I could spend days walking around here.
U pull lot typically only keep a car for a finite period of time. They will empty out the oldest rows and crush what is not picked by then, then buy new cars to fill them, and repeat. Rusty gold would have been picked by the time they crush the cars, likely a month or two later.I just found out recently that an online used parts reseller bought the local u-pull and emptied the whole lot last summer. Sad, there was lots of rusty gold in there. I hope they are reselling what was there and not just stopping competition.
You are probably right about most U-pulls having a fast turn over but not this one. Cars moved but you had 6-8 months before it was a shell, while others sat for years. They were letting a lot of exporters in to take most of the good stuff i noticed the last few times I was there. Now the next closest one is about an hour and fifteen, which stinks as it was 30 minutes to the old one. This place was gold for my 90s GMs, Honda and Ford that I've owned. Hopefully the next one will too.U pull lot typically only keep a car for a finite period of time. They will empty out the oldest rows and crush what is not picked by then, then buy new cars to fill them, and repeat. Rusty gold would have been picked by the time they crush the cars, likely a month or two later.

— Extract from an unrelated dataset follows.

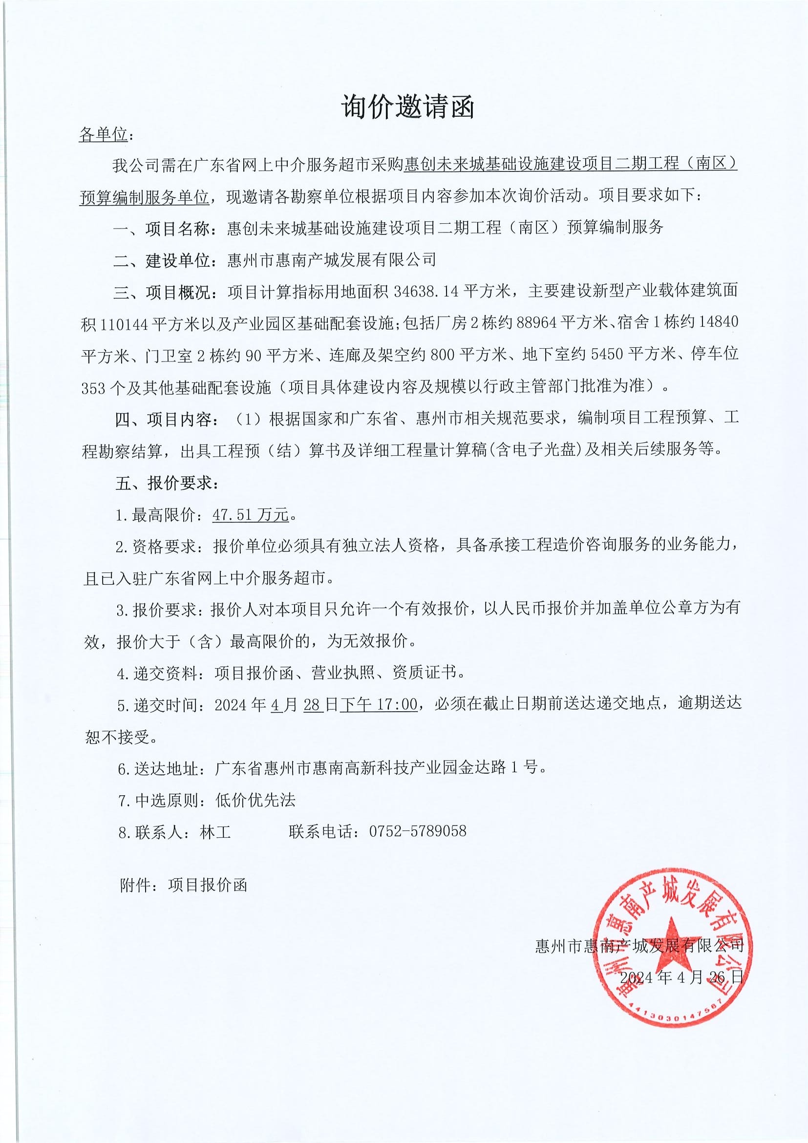 惠創(chuàng)未來(lái)城基礎(chǔ)設(shè)施建設(shè)項(xiàng)目二期工程(南區(qū))預(yù)算編制服務(wù)詢價(jià)邀請(qǐng)函

More and more cars are sent oversea to be fixed instead of locally fixed or junked. In a way I think it is more eco-friendly, but in a way it means if the cars have no international market and cost too much labor to fix, those parts would be worthless. I don't blame the owners or insurance for junking them. I blame the design, the manufacturers, and the trend toward larger more complicated cars that cannot be kept without too much work. A small Corolla would always be worth within reason for commuting, but a large SUVs that "may one day tow a boat", probably would be scraped before they ever tow one.